Ricky Comeaux first made his mark in the music world during the 1980’s and 1990’s with creative partner Jerry Atwood as one half of the Houston based vocal duo Atwood and Comeaux but has reemerged as a solo artist two decades since they broke up their long-standing collaboration. His first solo album release If I Ruled the World features eleven songs drawn from Broadway and film, pop, and classic rock transformed by his signature tenor and intelligent creative revamping of their respective arrangements. Founder of Musicomm and longtime television/film composer Mark Holden oversaw the album’s production from his Los Angeles studio while Comeaux stayed close to his roots laying his vocals down at Houston’s Wire Road studios with producer Barry Coffing. It has taken Comeaux years to release his first solo effort for a variety of reasons, but the wait is well worth it.
“Theme from Kiss of the Spider Woman” exhibits many of the five-star production values making this collection such an enjoyable listening experience. Much of Comeaux’s target audience will enjoy the understated Latin flavor driving the track, particularly the tasteful percussion, but the quality standing out the most is Comeaux’s singing. He boasts evocative phrasing capable of drawing all but the most cynical of listeners into his musical web and understands how to play into the song’s dynamics.

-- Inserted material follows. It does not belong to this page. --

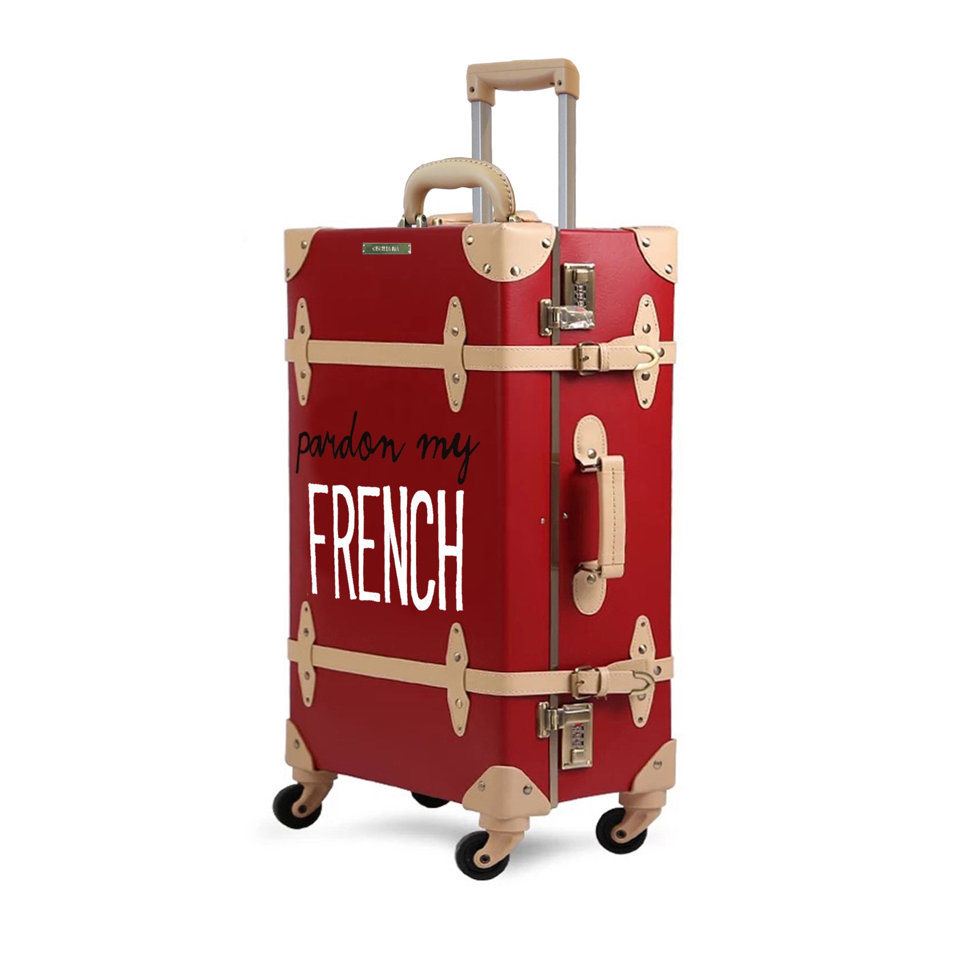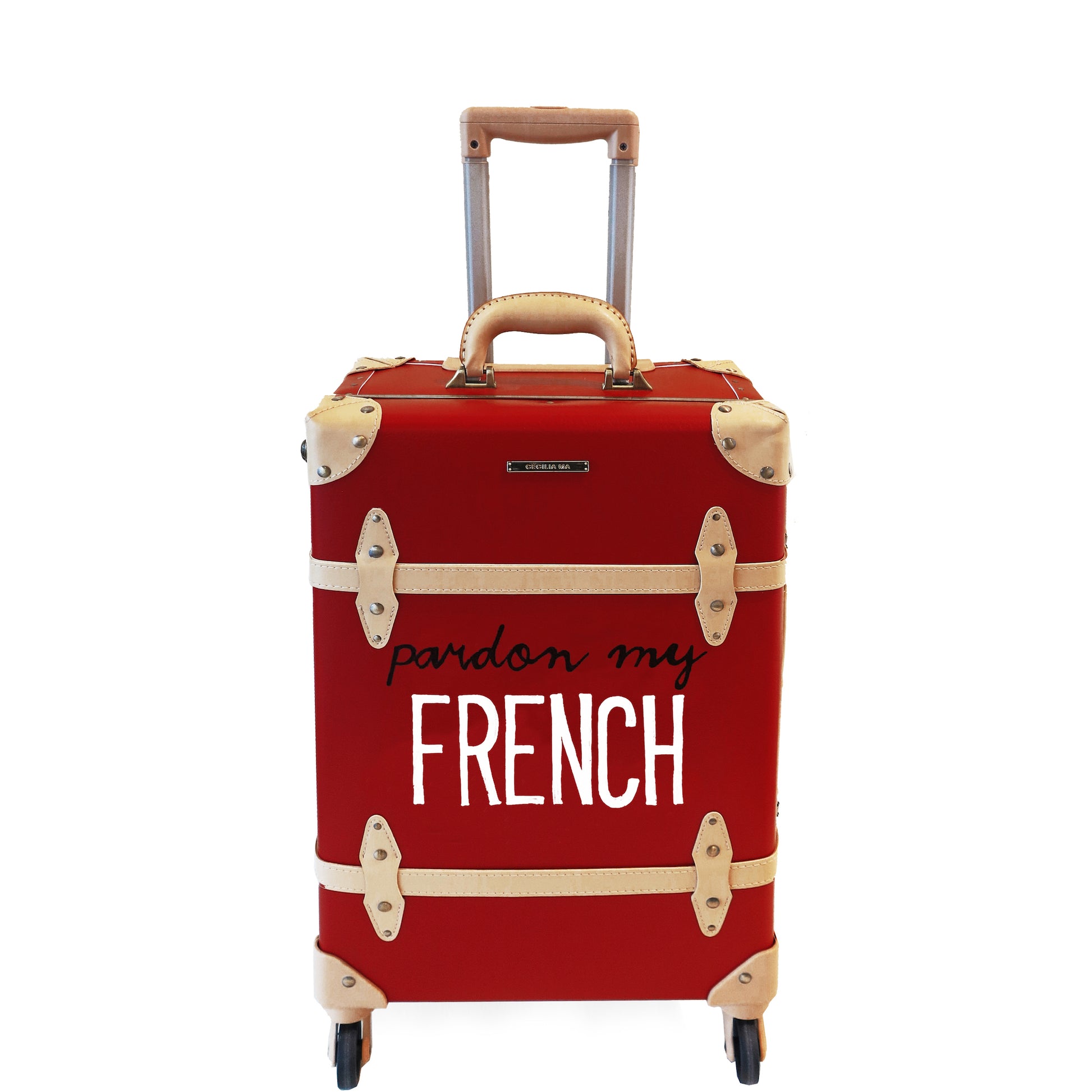Handprinted Suitcase carry-on cabinet size (20 inch) with corner guards and full lining.

Ricky Comeaux sings the classic “”Theme From Kiss of the Spider Woman” with on-screen lyrics to follow along.
His unerring instincts in this area continue with his cover of Andrew Lloyd-Webber’s “Tell Me on a Sunday”. The elegant piano playing invokes genuine musical poetry and Comeaux plays his voice off quite well in juxtaposition with the instrument’s melodic lines. It rises and falls in dramatic fashion, particularly near the end, and Comeaux’s voice works quite well within in this musical setting. His version of Leonard Cohen’s “Hallelujah”, now perhaps the most popular work in Cohen’s towering catalog of tunes, stakes out his own territory as an interpreter of this now standard and he essays Cohen’s deeply personal lyric as if he penned the song himself.
Sammy Davis Jr. would have never imagined his classic “I’ve Gotta Be Me” in the way Comeaux re-envisions it here with terse percussion accompaniment and rock guitar, but Comeaux recasts the song with great success and it ends up striking the same rousing note present in the original. It is a brief performance but nonetheless takes an interesting turn a little before its halfway point when the rock pose falls away and the track veers much closer to Davis Jr’s conception of the track.
The title track unrolls in languid fashion akin to its original popular version from Tony Bennett, but Comeaux wisely opts for never aping Bennett’s vocal mannerisms in any meaningful way. Its orchestral qualities are never schmaltzy. It is, naturally for a title track, one of the stronger vocal performances included on the release. First popularized by Lenny Welch and later successfully covered by Al Jarreau, the closer “Since I Fell For You” is one of the album’s longer performances and opens with string flourish before segueing into a keyboard/vocal duet dominating much of the track. Comeaux’s voice reaches impressive heights with this concluding song that makes it a more than appropriate final curtain. There’s accessibility and sophisticated style defining this album in equal measure. If I Ruled the World is a memorable return in every way for Ricky Comeaux.